Work instruction => Every line of the records below from the line with "大きな桑の葉を与えてもあっという間に食い尽くされちゃう。恐ろしき食欲です。" up to and including the line with "Frazer Mary Ann: How" must be reproduced exactly, and no line outside that range.

Data supplied =>
============

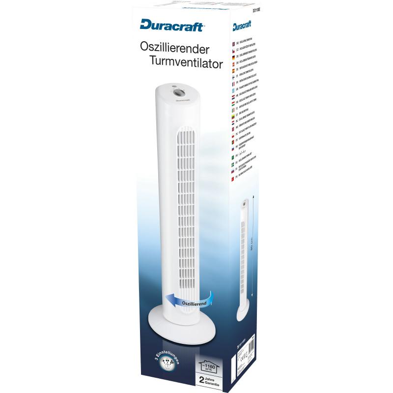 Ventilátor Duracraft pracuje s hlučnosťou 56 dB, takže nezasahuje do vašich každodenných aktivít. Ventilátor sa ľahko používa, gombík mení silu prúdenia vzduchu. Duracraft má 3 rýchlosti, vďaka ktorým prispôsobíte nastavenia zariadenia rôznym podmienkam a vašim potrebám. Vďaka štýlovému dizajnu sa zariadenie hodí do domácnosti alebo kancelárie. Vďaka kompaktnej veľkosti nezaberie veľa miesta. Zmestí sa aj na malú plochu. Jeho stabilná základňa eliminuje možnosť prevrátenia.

============

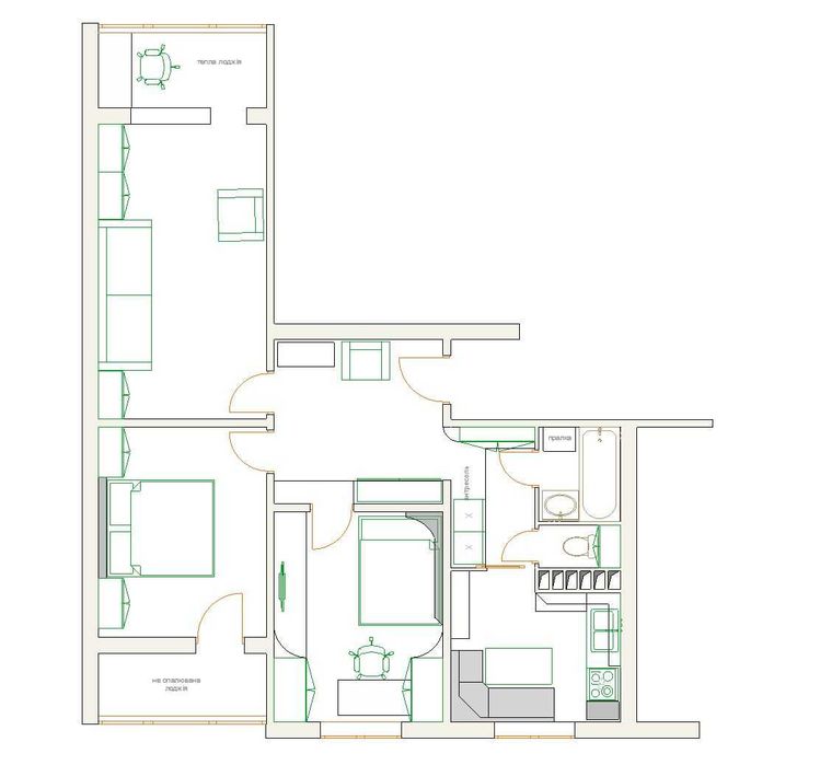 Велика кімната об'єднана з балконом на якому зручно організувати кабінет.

============

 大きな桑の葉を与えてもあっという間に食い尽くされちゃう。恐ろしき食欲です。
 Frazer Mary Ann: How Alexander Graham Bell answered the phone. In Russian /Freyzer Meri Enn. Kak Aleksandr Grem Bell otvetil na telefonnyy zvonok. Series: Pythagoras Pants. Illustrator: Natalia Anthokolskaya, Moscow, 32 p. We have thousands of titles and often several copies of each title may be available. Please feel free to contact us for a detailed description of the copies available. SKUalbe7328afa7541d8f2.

============

Finished exercise =>
 大きな桑の葉を与えてもあっという間に食い尽くされちゃう。恐ろしき食欲です。
 Frazer Mary Ann: How Alexander Graham Bell answered the phone. In Russian /Freyzer Meri Enn. Kak Aleksandr Grem Bell otvetil na telefonnyy zvonok. Series: Pythagoras Pants. Illustrator: Natalia Anthokolskaya, Moscow, 32 p. We have thousands of titles and often several copies of each title may be available. Please feel free to contact us for a detailed description of the copies available. SKUalbe7328afa7541d8f2.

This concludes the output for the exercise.